The diagnostic workup starts with a patient presenting with symptoms or signs suggestive of a particular disease. The workup is commonly a consecutive process starting with medical history and physical examination and simple tests followed by more burdensome and costly diagnostic procedures. Generally, after each test all available results are converted (often implicitly) to a probability of disease, which in turn directs decisions for additional testing or initiation of appropriate treatment. Setting a diagnosis is a multitest or multivariable process of estimating and updating the diagnostic probability of disease presence given combinations of test results. Each test may be more or less burdensome to the patient, time-consuming, and/or costly. Different tests often provide to various degrees the same information because they are all associated with the same underlying disorder. Relevant for physicians is to know which tests are redundant and which have true, independent predictive value for the presence or absence of the target disease. Accordingly, studies of diagnostic accuracy should demonstrate which (subsequent) test results truly increase or decrease the probability of disease presence as estimated from the previous results, and to what extent.

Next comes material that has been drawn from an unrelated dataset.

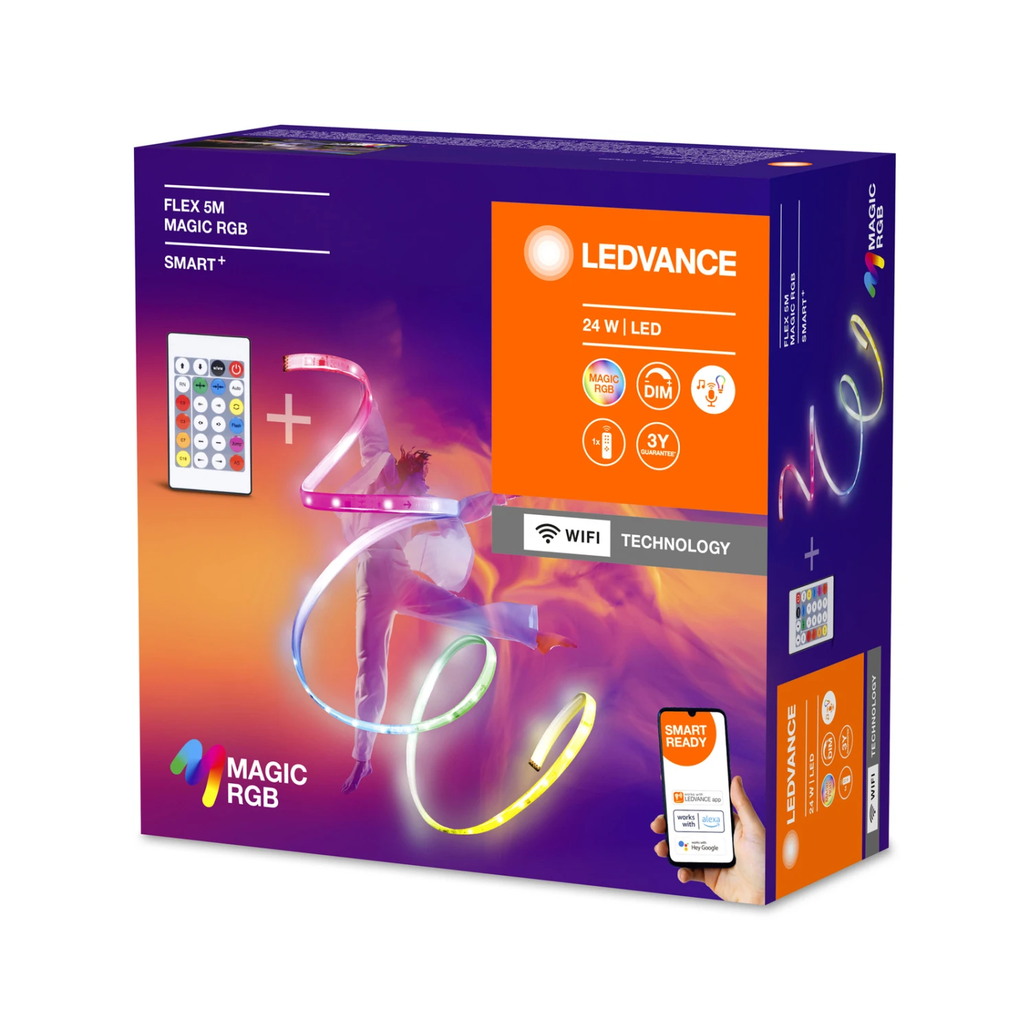 Mit bis zu 16 Mio. Farbmöglichkeiten, die zudem je Abschnitt einzeln regelbar sind, bietet der LED-Strip Flex Magic eine individuelle Ambientebeleuchtung für Wohn- und Aufenthaltsräume. Der biegsame und kürzbare Streifen kann perfekt auf die jeweilige Umgebung angepasst werden. Die Stromversorgung erfolgt dank beiliegendem Kabel mit Steckernetzteil über die Steckdose. Zur Steuerung (Schalten, Dimmen, Farbauswahl) wird eine Fernbedienung (inkl. Batterie) mitgeliefert. Ebenso ist ein Verteiler samt WiFi-Empfänger vorhanden, der die Koppelung des LED-Strips via WLAN ermöglicht. Hiernach kann die gesamte Konfiguration per App und die Steuerung auch per Sprachbefehl vorgenommen werden.

Various reviews have demonstrated that the majority of published studies of diagnostic accuracy still have methodologic flaws in design or analysis or provide results with limited practical applicability (1-3). This has been attributed to the absence of a proper methodologic framework for diagnostic test evaluations as, for example, exists for studies of therapies and etiologic factors and has motivated various researchers to establish frameworks for studies of diagnostic accuracy, such as the recent STARD Initiative (4-12). In our view, an issue that has received too little attention in most of these methodologic essays is the difference between test research and diagnostic research.